Attend department seminars. The CS department and Amii host regular talks by visiting researchers and faculty. These are almost always free and open to undergrads. Showing up is how you learn what questions researchers are actually asking — and occasionally how you get noticed. The schedule is posted on the CS department website and amii.ca.
Read papers before reaching out. This cannot be overstated. An email that says "I read your recent paper on [specific topic] and had a question about [specific aspect]" gets a response. An email that says "I'm interested in your work in machine learning" does not.
Lab reading groups. Many labs run weekly or biweekly reading groups where members present papers. Ask if you can attend as an observer. This is a zero-risk way to get known in the lab and to understand what problems they're working on.
Start in Year 2, not Year 4. You need time to ramp up, contribute meaningfully, and get a reference letter worth something. Starting in your final year means you'll leave before you've made a real impact.

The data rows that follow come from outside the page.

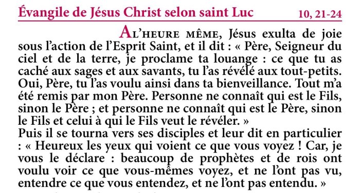 À l’heure même, Jésus exulta de joie sous l’action de l’Esprit Saint, et il dit : « Père, Seigneur du ciel et de la terre, je proclame ta louange : ce que tu as caché aux sages et aux savants, tu l’as révélé aux tout-petits. Oui, Père, tu l’as voulu ainsi dans ta bienveillance.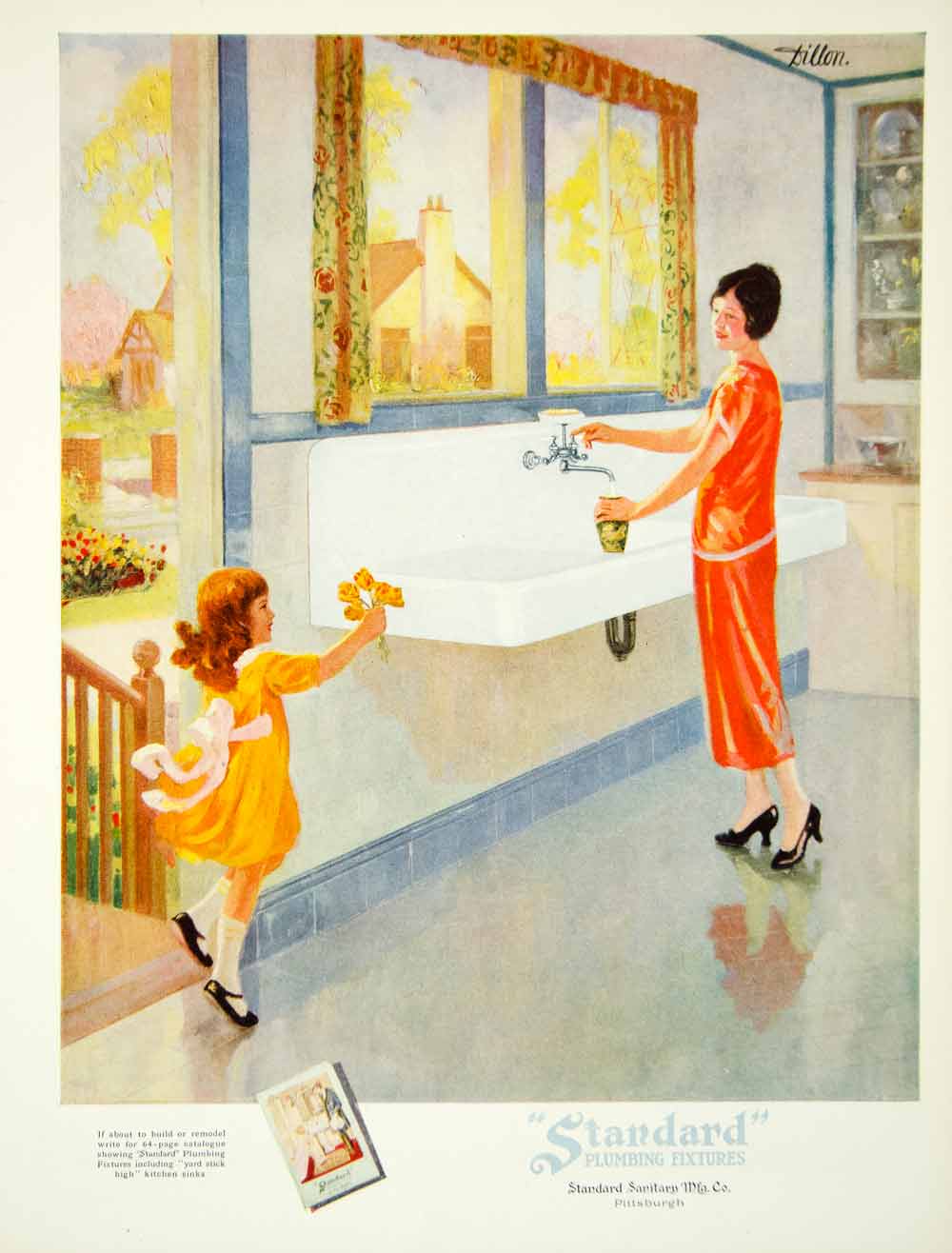 This is an original 1925 color print ad for Standard Plumbing Fixtures from the Standard Sanitary Mfg., Co., Pittsburgh, with a great illustration of a classic 1920's kitchen sink.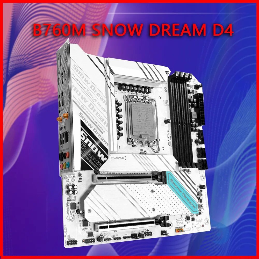 JGINYUE Материнская плата B760M Snow Dream ;4*DDR4;3*M2;Поддержка процессоров Intel 12-го, 13-го и 14-го поколений; LGA1700 информация:
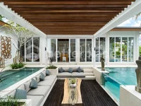 Sercem willi jest otwarta koncepcja życia, jadalnia i kuchnia, z wysokimi sufitami i ciepłym drewnem kończy tworzenie miejsca do zbierania. Pełna kuchnia sprawia, że posiłki w willi łatwo, niezależnie od tego, czy przygotowujesz szybkie śniadanie lub hosting obiad. Jest też dedykowana przechowalnia, toaleta dla gości i suszarka do włosów na długie pobyty. Wyjdźcie na zewnątrz do zatopionego salonu, położonego pomiędzy basenem nieskończoności a obszarem jacuzzi - idealne do rozmowy lub po prostu odwijania się od wody. Cztery leżaki do opalania, hamak i obszyte obrzeża ogrodu dodatkowo wydłużają przepływ willi na zewnątrz.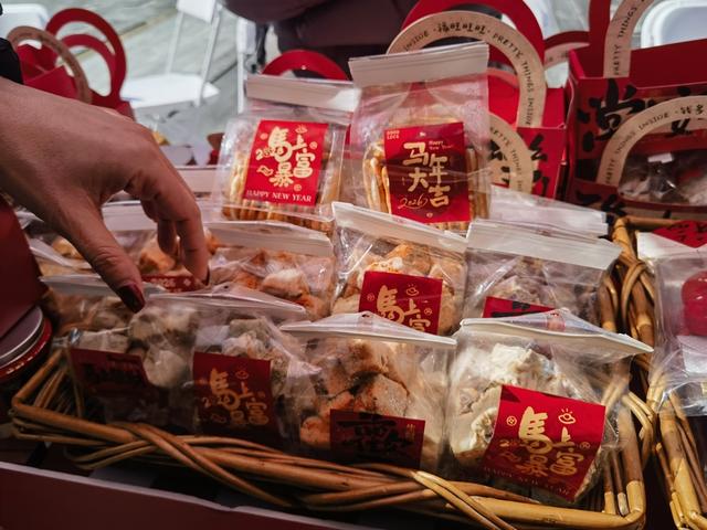 记者看到,现场30多个摊位门类丰富,既有面包甜点烘焙、新鲜水果、鲜花花艺、特色爆米花等,也有老字号年货礼盒、膨化食品、年货大礼包等专区,卤味休食、新鲜牛排、非遗美食等“硬菜”档口前还排起长队。与此同时,手织土布文创体验区前,小马玩偶土布作品也大受欢迎,融合七宝“七件宝”传说故事的系列文创更是被一些年轻白领买来作为伴手礼送亲友。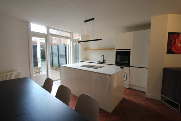 Privé-ingang, hal met bergruimte en Miele droger, ruime master bedroom met tweepersoonsbed en grote kast, 2e slaapkamer/thuiswerkplek met toegang tot de tuin. Luxe, recent gerenoveerde badkamer 2022 met ruime inloopdouche, wastafel, wandcloset, handdoekenradiator en prachtige tegels tot aan het plafond. De nis boven het toilet en de inbouwspots zorgen voor een luxe uitstraling. De ruime en lichte woonkamer met luxe open keuken loopt van de voorkant naar de achterkant van het huis. De grote ramen en openslaande deuren naar de enorme zonnige tuin bieden veel natuurlijk licht. De moderne keuken heeft een groot kookeiland en is uitgerust met luxe inbouwapparatuur, waaronder: Bora inductiekookplaat met afzuiging in het werkblad, koel-vriescombinatie, vaatwasser, combi oven en Miele wasmachine.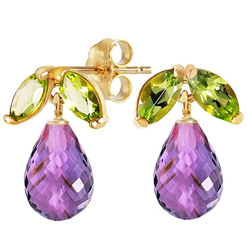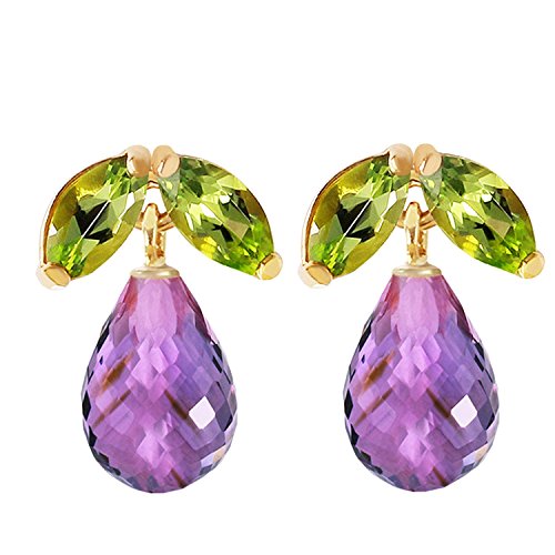 -. Title : 3.4 Carat 14k Solid Gold Stud Earrings with Natural Amethysts and Peridots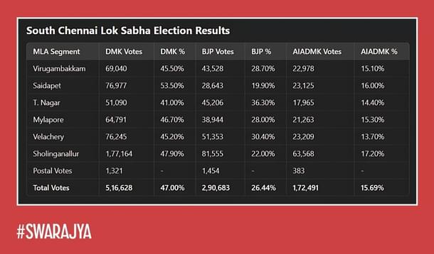 Two such seats were in Chennai city, i.e. South Chennai and Chennai Central.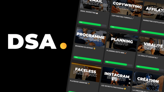La Digital Success Academy est une formation en ligne complète qui vous apprend à créer un business digital automatisé grâce à la vente de produits numériques à droits de revente (MRR).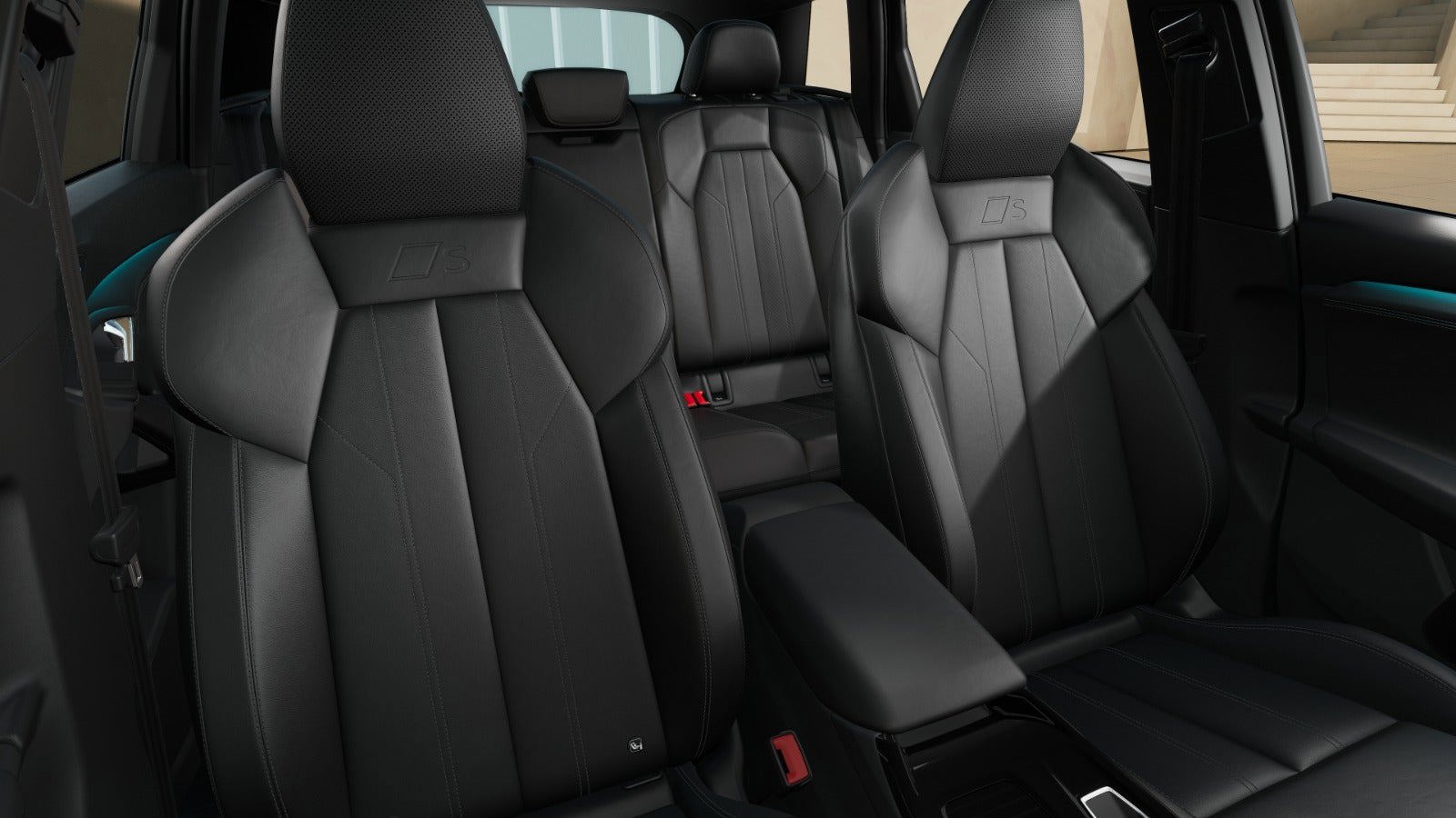 ✓ S line-interiør med sportssæder i sort læder-kunstlæder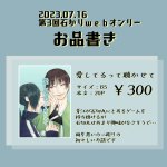 こちらWebオンリーお品書きと サンプル(ツリー)になります🙌 仕事で Twitterのほうは開始1時間と終了前1時間しかいません🥹 11時に頒布開始後は静かになってると思われます😇 エアスケブも何も出来ませんがよろしくお願いします🥹 #石かりwebオンリー202307_お品書き pictsquare.net/tm4dz8eumkrskf…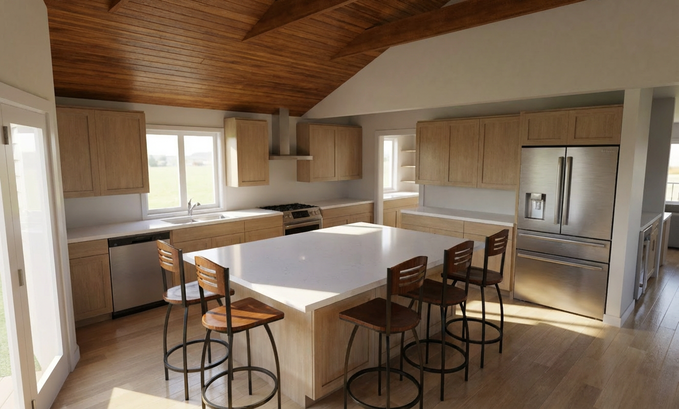 make this picture look photorealistic add minimal interior objects to table tops add minimum lights to the ceiling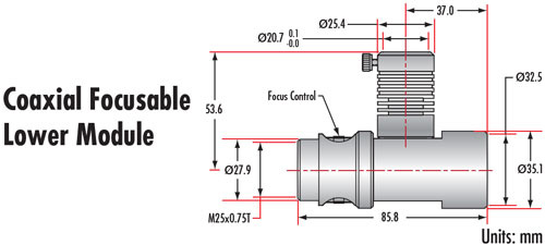 Для полной оптической системы требуются следующие компоненты: телевизионная трубка, верхний зум-модуль и нижний модуль. Телевизионные трубки имеют стандартную резьбу C-Mount и могут фокусироваться для обеспечения парфокальности. Верхние зум-модули оснащены ручной диафрагмой. Фокусирующие нижние модули обеспечивают внутреннюю фокусировку на 10 мм. Фокусирующие нижние модули Mitutoyo обеспечивают внутреннюю фокусировку на 5 мм и имеют как грубую, так и точную настройку. Возможность фокусировки нижних модулей допускает небольшие изменения рабочего расстояния и увеличения. Коаксиальные нижние модули допускают диаметр наконечника 0.187 дюйма и оптимизированы для пучков 1/8 дюйма.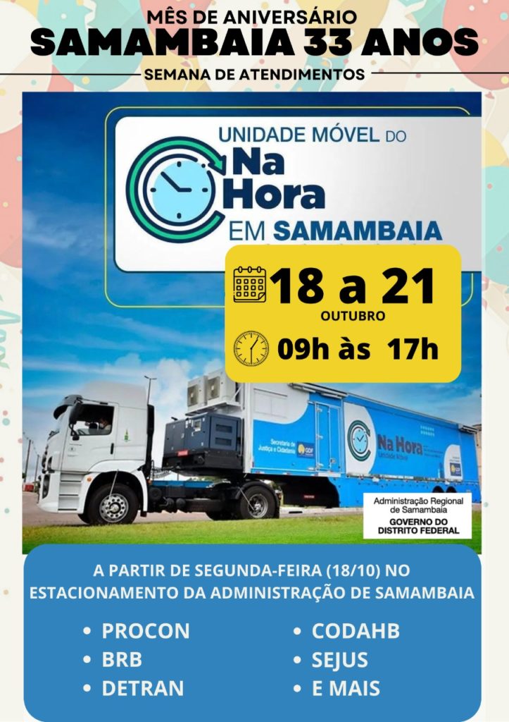 A carreta do Na Hora também estará presente no estacionamento da Administração de Samambaia dos dias 18 a 21 de outubro, das 09h às 17h realizando atendimentos. A carreta faz parte do programa Na Hora Mais Perto do Cidadão, promovido pela Secretaria de Justiça e Cidadania (Sejus). E contará com atendimentos do PROCON, BRB, DETRAN, CODHAB, SEJC, SEJUS e muito mais.

Don't ignore smaller or less-famous groups. RLAI is amazing, but it's also the most competitive for undergrad positions. A professor in a smaller group might give you more mentorship, more ownership over a project, and a stronger reference letter. Famous lab + peripheral involvement is often less valuable than smaller lab + real responsibility.
The goal for Year 2: Get your foot in the door somewhere, even as a volunteer. Attend seminars. Read papers in an area you care about.
The goal for Year 3: Be meaningfully contributing to a project. Apply for NSERC USRA if eligible.
The goal for Year 4: Have a result to show — a paper, a poster, a codebase, a thesis contribution. If grad school is on the table, this is what your application is built on.